Capability Ladder

Evaluation Ladder: Making agent reliability measurable

Kaizhi Tang

06 Feb 2026 • 3 min read

Evaluation Ladder: making agent reliability measurable

If you can’t measure reliability, you can’t improve it. And with agentic systems, “it worked in the demo” is the most expensive lie.

The trap is evaluating agents like you evaluate chat: a handful of prompts, a vibe check, maybe a rubric. But agents fail in ways that only appear across tool calls, time, and state.

Here’s an evaluation ladder for agentic AI—each rung is a more realistic (and more useful) measurement of reliability. Each rung also has a failure mode, because evaluation itself is a system that can break.

Level 0 — Demo prompts

What you measure: a few hand-picked tasks.

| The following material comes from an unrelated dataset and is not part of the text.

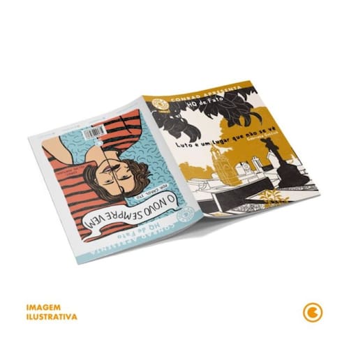 Uma parceria entre os selos HQ para Todos e HQ de Fato, da Conrad Editora e Revista O Grito! respectivamente, o livro traz duas histórias dedicadas ao Jornalismo em Quadrinhos e publicadas originalmente de forma digital no site da revista, que chegam agora em versão impressa. Em Luto é um lugar que não se vê, de Gabriela Güllich, temos uma reportagem sensível sobre o luto e tudo que o envolve. O cemitério é muito associado à morte, mas é também um lugar de vida. Em nossa procura por eternizar quem já se foi, buscamos uma representação palpável – lápides, estátuas, enfeites – para preencher a saudade. A história que a história não conta. Já em O Novo Sempre Vem, de Carol Ito, você encontra um novo olhar sobre a relevância e o impacto cultural de Belchior, um dos maiores artistas da música brasileira, morto em 2017. Ali Vannick, sua filha, trilha os passos do pai para manter acesa a poética única do cantor para além do tempo.

Failure mode: selection bias.

You end up measuring what the system is already good at, and you miss the weird edge cases that will dominate real usage.

Practical fix: force diversity: random sampling from production-like tasks, plus a small “nightmare set” of adversarial prompts.

Level 1 — Golden answers (static correctness)

What you measure: does the output match an expected answer?

Failure mode: overfitting to surface form.

Agents can learn to imitate the shape of an answer without doing the right work (especially when tools are involved).

Practical fix: grade on invariants (“must cite sources”, “must not invent tool output”, “must respect file paths”), not just text similarity.

Level 2 — Tool-call integrity

What you measure: whether tool invocations are valid, deterministic, and error-aware.

Failure mode: hallucinated tool success.

The agent calls a tool, it errors, and the agent proceeds as if it succeeded.

Practical fix: make tool states explicit and score them:

did the agent surface the error message?
did it stop or retry safely?
did it avoid fabricating outputs?

Pipeline lesson (concrete): in OpenClaw’s workflow norms, we treat “don’t invent commands” as a reliability invariant. If we’re unsure, we consult local docs first (or ask the human). That’s not etiquette—it’s eval design. You can literally score “did the agent guess a CLI flag?” as a failure.

Level 3 — Multi-step task success (end-to-end)

What you measure: whether the final artifact is correct (a clean PR, a valid post, a working script).

Failure mode: hidden partial credit.

The agent produces something that looks finished but violates a key constraint (wrong tag order, missing file, wrong environment). Humans often accept it anyway because it’s close.

Practical fix: add machine checks. If the task has structure, validate it:

file exists at required path
frontmatter schema matches
word count within bounds
links resolve

This transforms “almost” into “fail fast.”

Level 4 — Regression and drift (over time)

What you measure: performance across versions and weeks.

Failure mode: quiet decay.

A prompt change, a model update, or a new tool version subtly shifts behavior. Nobody notices until a user does.

Practical fix: treat agent workflows like software releases:

version your prompts/tool schemas
run a regression suite on every change
alert on metric deltas, not just absolute scores

Level 5 — Robustness under perturbation

What you measure: stability when the world is messy:

network failures
rate limits
partial data
tool timeouts
ambiguous user requests

Failure mode: brittle cleverness.

The agent is brilliant on clean inputs and collapses under real conditions.

Practical fix: inject failure on purpose. Chaos engineering, but for agents. Randomly fail tools and score whether the agent degrades gracefully.

Level 6 — Adversarial evaluation (misuse + misalignment)

What you measure: whether the agent can be induced to violate constraints.

Failure mode: persuasion beats policy.

This is where “prompt injection” lives, but it’s broader: users will ask for shortcuts, and agents will be tempted to comply.

Practical fix: test the social layer:

requests to skip confirmation
requests to fabricate citations
requests to run destructive commands

Real system example: Mata v. Avianca (2023) is remembered as “ChatGPT hallucinated citations.” But the deeper lesson is evaluation failure: no invariant existed for “citations must be verifiable.” If your system doesn’t test for “source integrity,” it will eventually ship confident fiction.

Level 7 — Cost + reliability frontier

What you measure: the tradeoff curve: reliability per unit cost/latency.

Failure mode: winning the wrong metric.

If you only optimize for cost, you’ll create an agent that’s cheap and wrong. If you only optimize for reliability, you may build something too slow to use.

Practical fix: pick an operating point explicitly. For high-risk actions, pay for higher confidence and add gates. For low-risk drafting, accept lower reliability but keep outputs reviewable.

The takeaway

Reliability isn’t a single score; it’s a ladder of evidence.

When someone claims an agent is “good,” ask: which rung are you on?

demo prompts?
end-to-end checks?
regression under drift?
adversarial robustness?

Once you can answer that, you can finally do the boring, powerful work: build evals that match reality—and then climb.